• Noemia Colonna

Tem algo de fashion no reino da Dinamarca

Vim pela enésima vez à Copenhague, cidade em que morei por dois anos para um mestrado em Cinema e Estudos da Mídia. O lugar ainda me recebe carinhosamente com o seu hygge, graças à redes de amigos e rastros de estórias que fiz e deixei por aqui.

Escrevo de um café em uma manhã naturalmente fria de outono na cidade, com suas cores douradas e rosas, típico da estação.


O motivo de estar aqui, desta vez, é bem especial. Vou acompanhar minha sobrinha que veio para um show e aproveitou para conhecer a capital da bicicleta e de castelos pela primeira vez. Moramos pertinho uma da outra na Europa e combinamos de explorar a cidade juntas.


Tia e sobrinha turistando no Nynhavn

Vejo o quanto o destino nos surpreende. A tia que a levou quando criança para espetáculos de princesas de Disney no gelo, agora a acompanha adulta para ver castelos de verdade e a história não tão fofinha da pequena sereia de Christian Andersen, um dos autores mais notáveis do país.
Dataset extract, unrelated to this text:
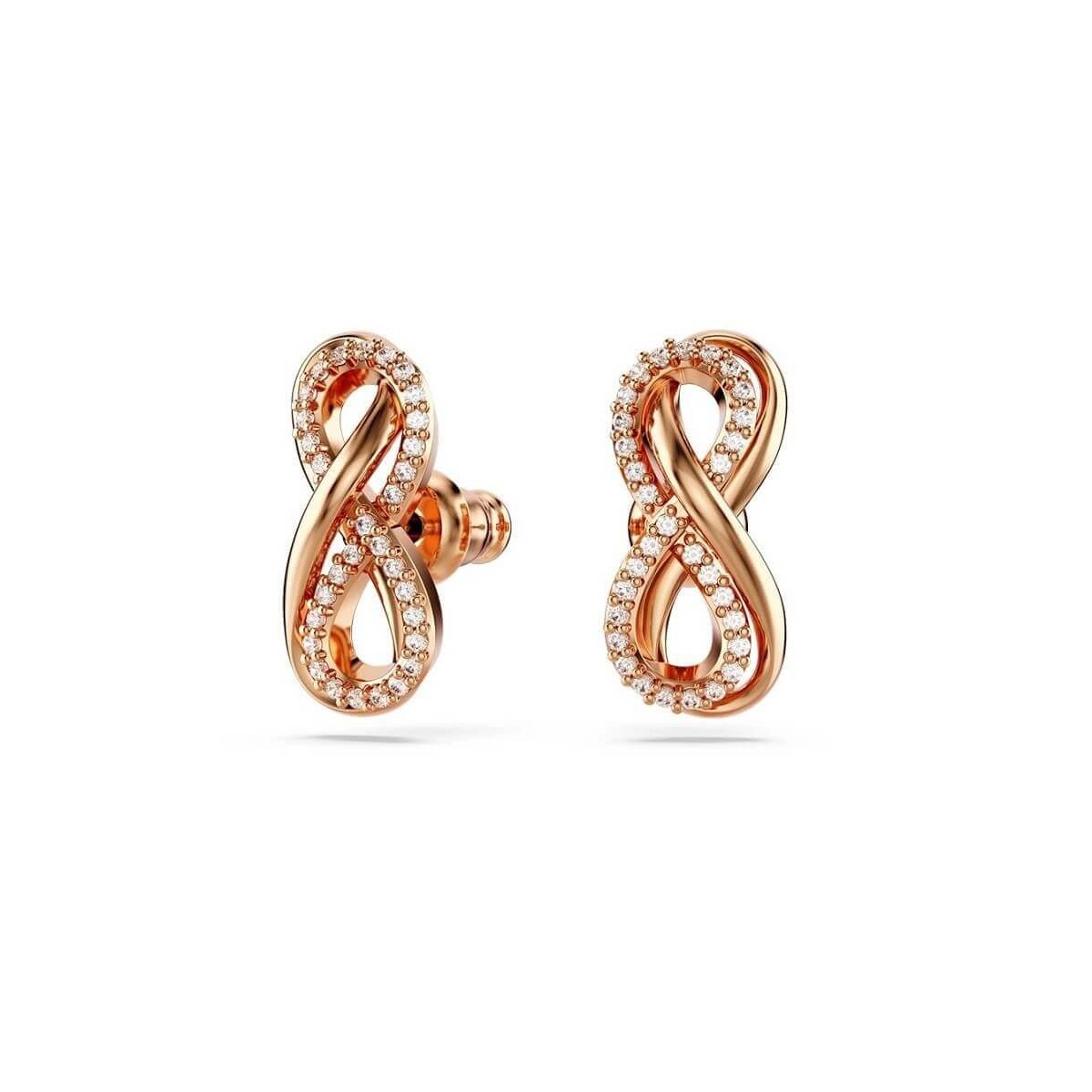 Damen-Ohrstecker von Swarovski aus der Hyperbola-Kollektion mit Rosévergoldung und einem Unendlichkeitssymbol, verziert mit kristallklarem Pavé.

Mas o motivo que me inspira a escrever este texto é outro.


Adoro voltar aqui e acostumar meus olhos lentamente à paisagem urbana salpicada de bicicletas e aos habitantes da cidade, cujo país tem fama de ser o mais feliz do mundo.


Em massa, eles se locomovem em bikes estilosas e outras, nem tanto. Parecem criaturinhas de um mundo fictício. Todos, em ordem quase milimétrica, pedalando ordenadamente nas ciclovias, sinalizando, respeitando sinal de trânsito e deixando claro que um mundo sustentável e verde ainda é possível, sim.
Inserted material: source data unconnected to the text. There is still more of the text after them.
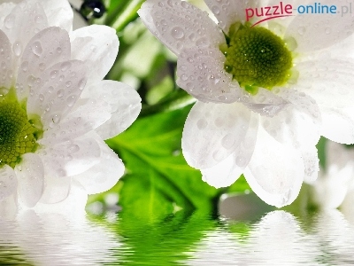 Puzzle Woda, Białe, Kwiaty, Odbicie
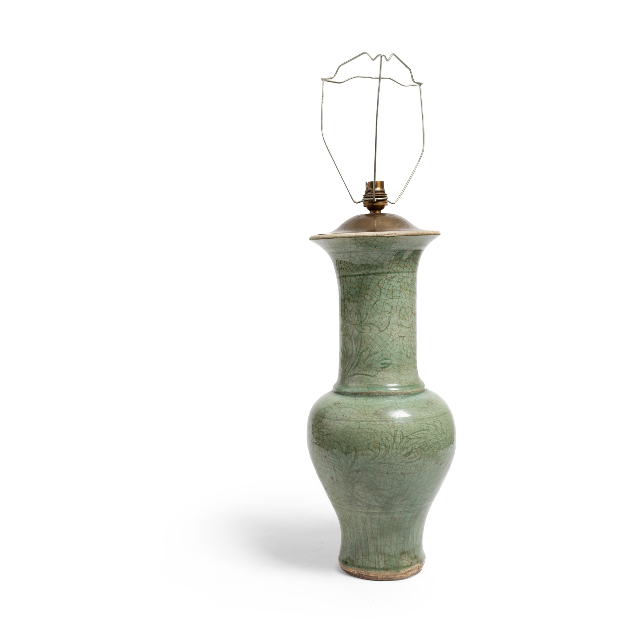 sturdily potted on a waisted tall foot to a globular body, raised to an elongated waisted neck and flared mouth, decorated with carved floral motif, covered overall save for the ring foot with a green glaze, converted later to a lamp stand
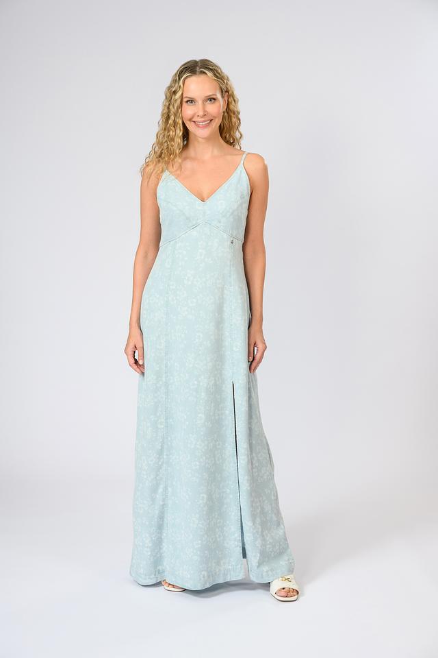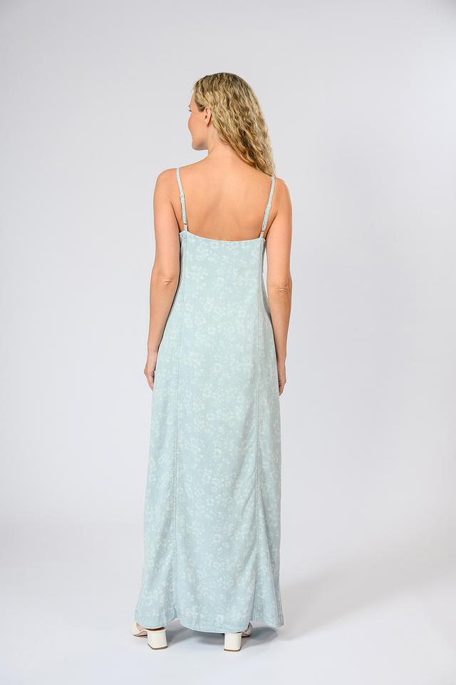Модель имеет прямой силуэт, тонкие бретели и V-образный вырез, который подчеркивает линию декольте. Боковой разрез добавляет образу легкости и свободы движений. Платье выполнено из сочетания луоселла и вискозы, что обеспечивает комфорт и приятные ощущения при носке.

No café em que estou fazendo meu trabalho remoto, vejo dinamarquesas concentradas em frente aos seus laptops com seu estilo inconfundível: coque desajeitado no alto da cabeça, meias fio 80 sobre as longas pernas que terminam em um tênis nike e vestidos. Claro, vestidos. Preto, cinza, sóbrio, mas um vestido.


A feminilidade escandinava sempre me fascinou. Eu nunca consegui entender como aquelas mulheres conseguiam deixar o inverno ou qualquer dia (quase) sempre gelado de qualquer estação do ano, tão charmoso e elegante.
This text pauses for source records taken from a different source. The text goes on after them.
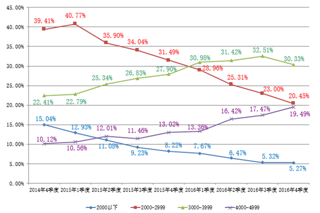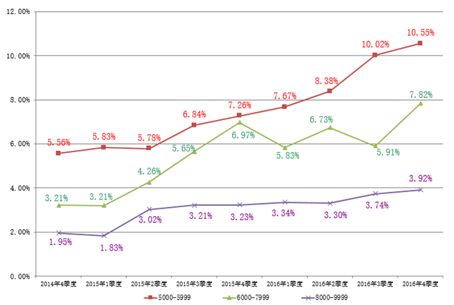 由上图可见,近两年较高薪酬的职位数量占比继续呈现比较明显的上升势头,其中5000-5999/月和8000-9999/月这两个区间的职位数量占比稳步增长,尤其5000-5999/月区间增长幅度较为明显,2016年第四季度占比已达到10.55%;而6000-7999/月区间的职位数量占比波动较大,2016年第四季度占比达到7.82%。
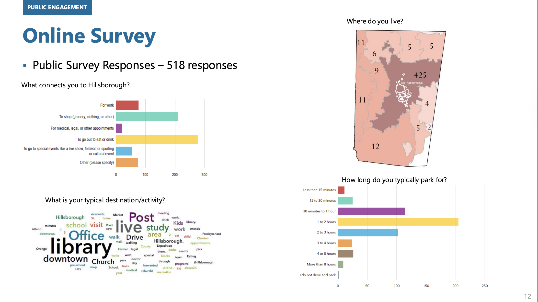 The parking study included public engagement opportunities, like surveying the community about their parking habits in Hillsborough. (Image via Nelson Nygaard Consulting.)
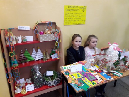 Jak co roku świetlica szkolna zorganizowała Kiermasz Bożonarodzeniowy. Kartki świąteczne, ozdoby, stroiki, wieńce, pierniczki, choinki, aniołki i wiele innych pięknych ozdób świątecznych wykonanych przez uczniów pod opieką nauczycieli cieszyło się ogromnym powodzeniem.
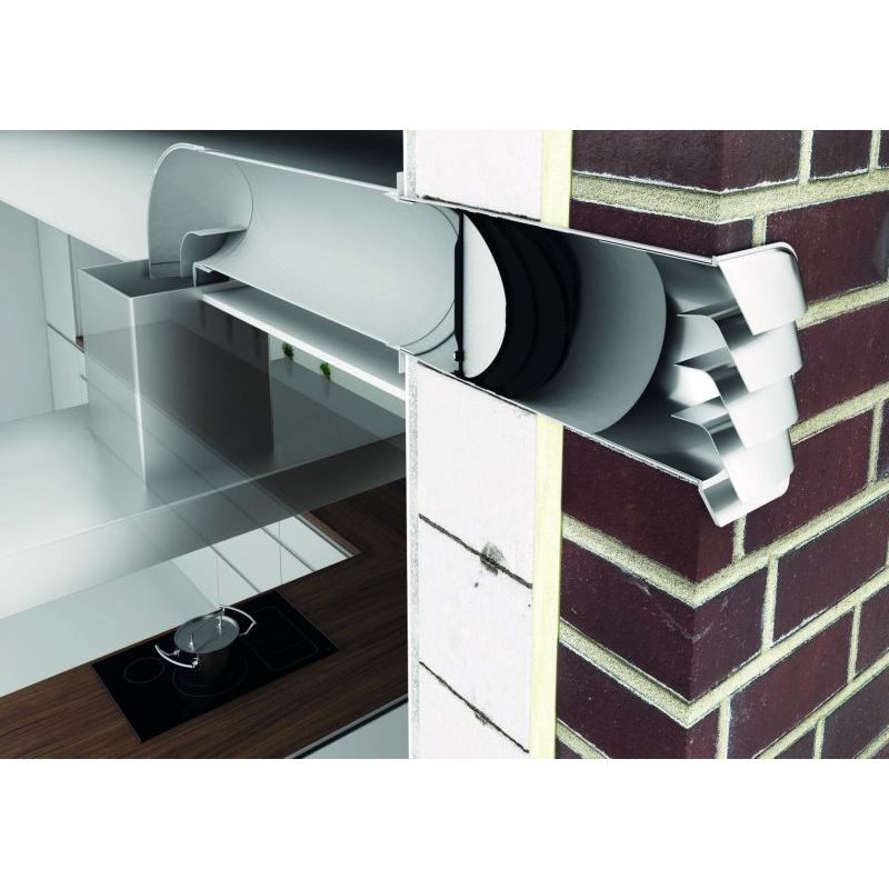 Le caisson mural COMPAIR® flow E-Jal 150 avec THERMOBOX intégrée améliore de manière décisive le climat ambiant en combinaison avec une hotte aspirante. Il conduit de manière fiable l'air vicié vers l'extérieur via le canal d'air. En même temps, le système empêche une perte de chaleur dans la pièce et la pénétration d'air froid extérieur. Ainsi, le caisson mural est équipé d'un tube télescopique qui contient le THERMOBOX, un système intégré de rétention de la chaleur. En combinaison avec la persienne extérieure en acier inoxydable E-Jal, on obtient une grande efficacité énergétique avec une perte de chaleur jusqu'à 20 fois inférieure à celle des clapets anti-retour standard. Il n'y a pas de vibrations ni de bruits de cliquetis. Le THERMOBOX, qui s'ouvre à 65 Pa, se distingue par une certification Blower-Door. Le caisson de maçonnerie, y compris le THERMOBOX, contribue ainsi efficacement aux économies d'énergie. Le raccordement du caisson mural à un conduit rond s'effectue à l'aide d'une tubulure/d'un tuyau d'un diamètre de 150 mm. La profondeur de montage du caisson mural varie de 350 à 500 mm, le tube pouvant être raccourci jusqu'à 255 mm - le passage convient ainsi à différentes épaisseurs de mur. Pour le montage, un passage mural d'un diamètre d'environ 155 mm est nécessaire.
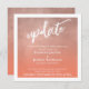 This design features a modern, handwritten script font used to create a graphic depicting the word "update". A subtle watercolor overlay was placed at the top, adding texture and creating a gradient, ombre effect over your background colour. For an added bold effect, I've placed a thick white border around the edges of the front of the card. Use the template fields to add your personal details and make this unique, modern design your own. The background can be changed to any colour you prefer. Please reach out with any special requests or for customising assistance. // 100 //
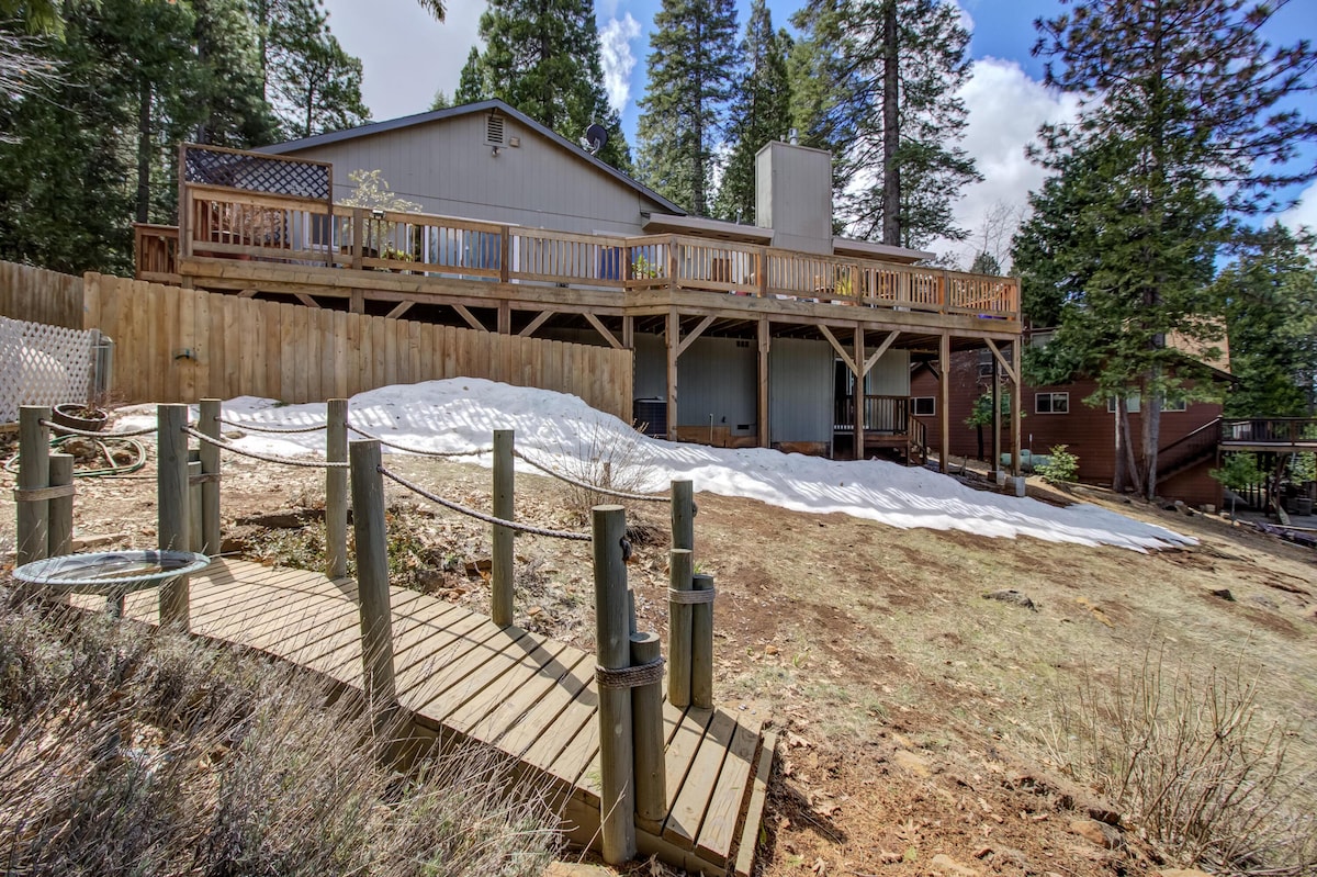 Welcome to our creekside cabin on the all-season Bailey Creek and just 9 miles from Lassen National Park. Our large 2000 sq. ft. cabin is spacious for a large group of eight with 2 bedrooms downstairs (King Bed & Queen Bed), and a loft bedroom (King Bed) - Go snowshoeing and cross country skiing in winter - Relax on our large multi-level deck to the sounds of the creek - Unwind next to the creekside fire pit - Take in the smells of soaring pine and firs - Recharge with the level-2 EV charger

Elas têm um estilo próprio e muito sutil. É preciso olhos bem treinados para perceber imediatamente; mas uma vez lá, você saca uma dinamarquesa de longe! E não importa o seu tom de pele ou etnia: o estilo está lá. Se com coque duplo, mais dinamarquês ainda.


Esse estilo eu vejo assim: despretensioso, quase como “nem pensei em que roupa usar hoje e peguei a primeira que vi”, mas ali tem uma pecinha que dá ao visual um toque deliciosamente único. Seja um vestido de corte e linhas retas, ou uma maquiagem bem feita quebrando a sisudez do dia gelado, uma bota de cano curto com couro de boa qualidade, de salto ou não. Tudo isso, temperado com muita feminilidade e auto-confiança. Ah, isso elas têm de sobra!


A jaqueta de couro preta já faz parte da paisagem. Ao ver um punhado delas nos corpos que bailam nas ruas, você percebe que está no outono. O traje é obrigatório. Cabelos louros ou o coque desajeitado de cabelos de qualquer cor e textura no alto da cabeça fazem contraste sobre o preto do couro. Parece um uniforme, mas sem o tédio que este tipo de indumentária provoca.


Eu adoro e sempre gostei da moda escandinava. Aquela coisa de mostrar a feminilidade das mulheres sem muito frufrus, mas com uma auto-confiança incrível. Femininas, carismáticas, despojadas, independentes, tudo na medida certa, sem dar muito na cara.

Não é por acaso que minha grife favorita na Escandinávia é uma loja sueca, cujas blusas brancas de seda delicadas e cortes retos e pragmáticos fazem o meu dia mais firme e elegante, sem perder a ternura jamais, nem tampouco a minha brasilidade. Claro, posso apreciar as dinamarquesas, mas não abro mão do encanto que o Brasil me deu.


Quem me vê sorrindo pensa que estou quentinha...

O cheirinho forte do café me lembra que é hora de partir para encontrar minha sobrinha que chegou depois de mim.


Levanto, recolho meu laptop, mochila nas costas, e vou direto para a minha bike juntar-me à massa de ciclistas dinamarquesas e seus estilos inconfundíveis. A memória voa no tempo e me sinto, eu mesma, um pouco dinamarquesa, mas com o meu estilo brasileiro indisfarçável e com a dose de auto-confiança que aprendi a ter, influenciada pelas mulheres - não só de origem dinamarquesa - que fazem desta cidade um exemplo único de que moda e mobilidade urbana também é político e empodera.